• What the task requires
Your output should be the exact lines from the start of the data through the line containing "Normally on transatlantic", with no pictures.

• Raw data
== Segment start ==

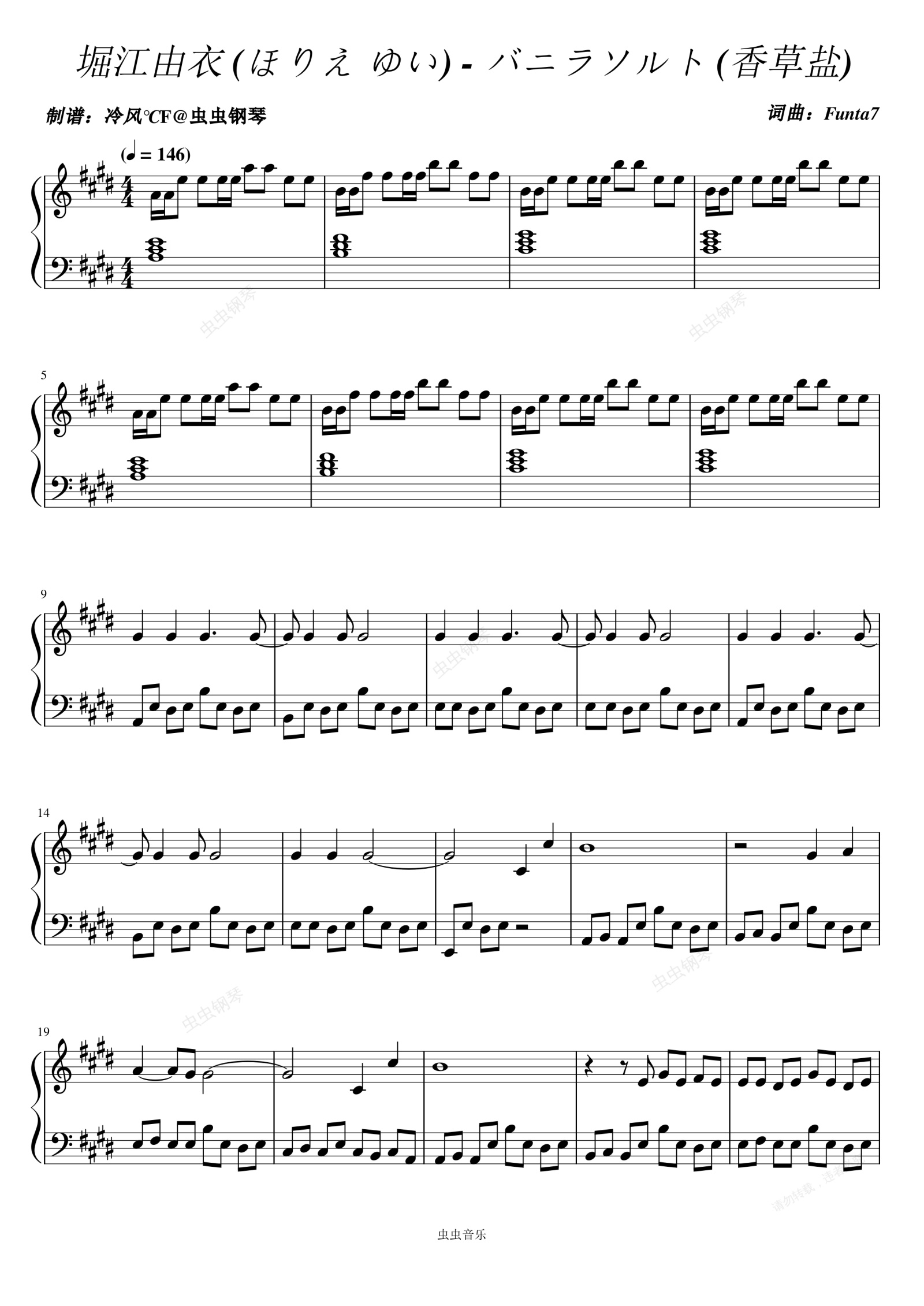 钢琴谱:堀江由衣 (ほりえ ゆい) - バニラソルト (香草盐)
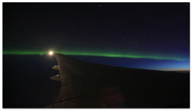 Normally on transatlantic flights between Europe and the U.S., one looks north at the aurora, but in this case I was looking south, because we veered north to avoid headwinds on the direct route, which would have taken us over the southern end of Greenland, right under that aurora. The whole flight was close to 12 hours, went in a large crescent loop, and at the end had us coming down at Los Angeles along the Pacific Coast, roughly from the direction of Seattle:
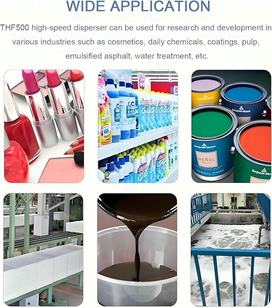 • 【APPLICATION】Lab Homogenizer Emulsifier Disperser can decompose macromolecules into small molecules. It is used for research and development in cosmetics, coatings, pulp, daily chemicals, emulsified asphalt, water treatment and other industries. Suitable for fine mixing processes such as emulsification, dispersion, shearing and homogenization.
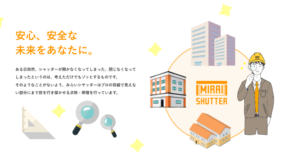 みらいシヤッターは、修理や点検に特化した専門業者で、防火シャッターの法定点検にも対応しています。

== Segment end ==

• Result of the task
 钢琴谱:堀江由衣 (ほりえ ゆい) - バニラソルト (香草盐)
 Normally on transatlantic flights between Europe and the U.S., one looks north at the aurora, but in this case I was looking south, because we veered north to avoid headwinds on the direct route, which would have taken us over the southern end of Greenland, right under that aurora. The whole flight was close to 12 hours, went in a large crescent loop, and at the end had us coming down at Los Angeles along the Pacific Coast, roughly from the direction of Seattle:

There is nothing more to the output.